The end-result from the section 'Direct Solver' is recalled in the first place:
$$
\left[ \begin{array}{ccccccc} . & . & . & & & & \\
& & . & . & . & & \\
& \displaystyle
- \frac{a_{54}}{a_{55}} \frac{a_{43}}{a_{44}}
& 0
& \displaystyle
1 - \frac{a_{54}}{a_{55}} \frac{a_{45}}{a_{44}}
- \frac{a_{56}}{a_{55}} \frac{a_{65}}{a_{66}}
& 0
& \displaystyle
- \frac{a_{56}}{a_{55}} \frac{a_{67}}{a_{66}}
& \\ & & & . & . & . &
\\ & & & & . & . & .
\end{array} \right]
\left[ \begin{array}{c} . \\ . \\ T_3 \\ T_4 \\ T_5 \\ T_6 \\ T_7 \\ .
\end{array} \right]
$$
Thus we see that the off-diagonal coefficients of the coarsened grid are given
by:
$$
a'_{53} = - \frac{a_{54}}{a_{55}} \frac{a_{43}}{a_{44}} \EN
a'_{57} = - \frac{a_{56}}{a_{55}} \frac{a_{67}}{a_{66}}
$$
Independent of the kind of mesh involved.
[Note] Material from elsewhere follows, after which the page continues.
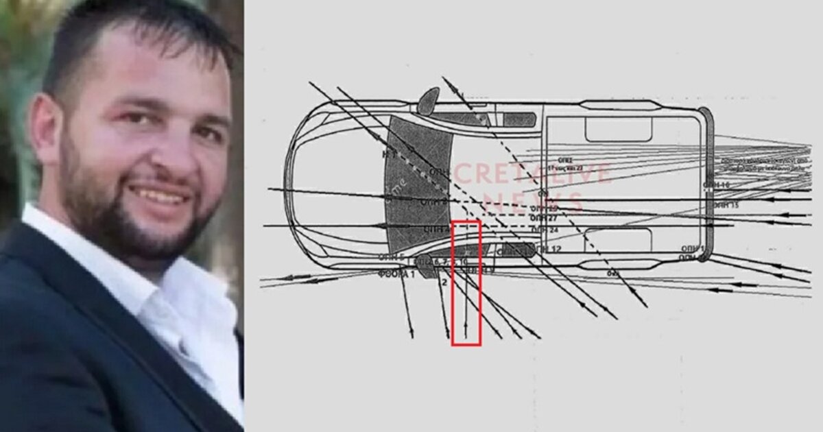 Το τεχνικό διάγραμμα της βλητικής διερεύνησης από τη ΔΕΕ απεικονίζει την κατεύθυνση και την πυκνότητα των πυρών που δέχθηκε το όχημα του 39χρονου Φανούρη Καργάκη

Now imagine a piece of an 1-D mesh
again, but this time with a non-uniform grid spacing:
Where we have arranged it in such a way that the distance between the vertices
$(3)$ and $(4)$ is equal to the distance between the vertices $(6)$ and $(7)$;
and the distance between the vertices $(4)$ and $(5)$ is equal to the distance
between the vertices $(5)$ and $(6)$. Furthermore it is assumed that the matrix
coefficients are only dependent upon these two distances, called:
\begin{eqnarray*}
\mbox{distance }_{3-4} = \mbox{distance }_{6-7} = dx_1 \\
\mbox{distance }_{4-5} = \mbox{distance }_{5-6} = dx_2
\end{eqnarray*}
If matrix elements which are at the left of the main diagonal are denoted as
$a$ and matrix elements which are at the right of the main diagonal as $b$,
as has been done before, then it becomes readily evident that:
\begin{eqnarray*}
a_{43} = a(dx_1) \EN a_{54} = a(dx_2) \\
a_{67} = b(dx_1) \EN a_{56} = b(dx_2)
\end{eqnarray*}
Furthermore it follows that $a_{44} = a_{66}$ and:
$$
a'_{53} = a(dx_1 + dx_2) \EN a'_{57} = b(dx_1 + dx_2)
$$
Repeat:
$$
a'_{57} = - \frac{a_{56}}{a_{55}} \frac{a_{67}}{a_{66}} \EN
a'_{53} = - \frac{a_{54}}{a_{55}} \frac{a_{43}}{a_{44}}
$$
Hence the quotient of the off-diagonal coefficients of the coarsened grid can
also be written as follows:
$$
\frac{b(dx_1 + dx_2)}{a(dx_1 + dx_2)} =
\frac{b(dx_1)}{a(dx_1)} \frac{b(dx_2)}{a(dx_2)}
$$
Herewith it is established that the quotient function is characterized by:
$$
\frac{b}{a}(dx_1 + dx_2) = \frac{b}{a}(dx_1) \frac{b}{a}(dx_2)
$$
And we are triggered to pay some attention to functions which are characterized,
in general, by the following property:
$$
f(p+q) = f(p) . f(q)
$$
A couple of other properties can be derived herefrom:
$$
f(q) = f(q-p+p) = f(q-p) . f(p) \hieruit f(q-p) = f(q) / f(p)
$$ $$
\hieruit f(p-p) = f(p)/f(p) \hieruit f(0) = 1
$$
Employing the hypothesis that $f$ is a differentiable function and taking the
limit for $dx \rightarrow 0$, we see that:
$$
f'(x) = \frac{f(x+dx) - f(x)}{dx} = \frac{f(x).f(dx) - f(dx)}{dx} =
$$ $$
f(x) \frac{f(dx) - 1}{dx} = f(x) \frac{f(dx) - f(0)}{dx} = f'(0).f(x)
$$
Giving a differential equation for $f(x)$ which can be solved rather easily:
$$
\frac{df}{f} = f'(0).dx \hieruit ln(f) = f'(0).x + c
\hieruit f(x) = C e^{f'(0).x} = e^{f'(0).x}
$$
Where the boundary condition $f(0) = 1$ is employed in the last step. $f'(0)
= P$ is an arbitrary constant. The result is in agreement with our conjecture
that the only possible Quotient Functions are, indeed, given by: $a/b(dx) =
\exp(P.dx)$. If the above proof is valid, then this conjecture has been turned
into a theorem.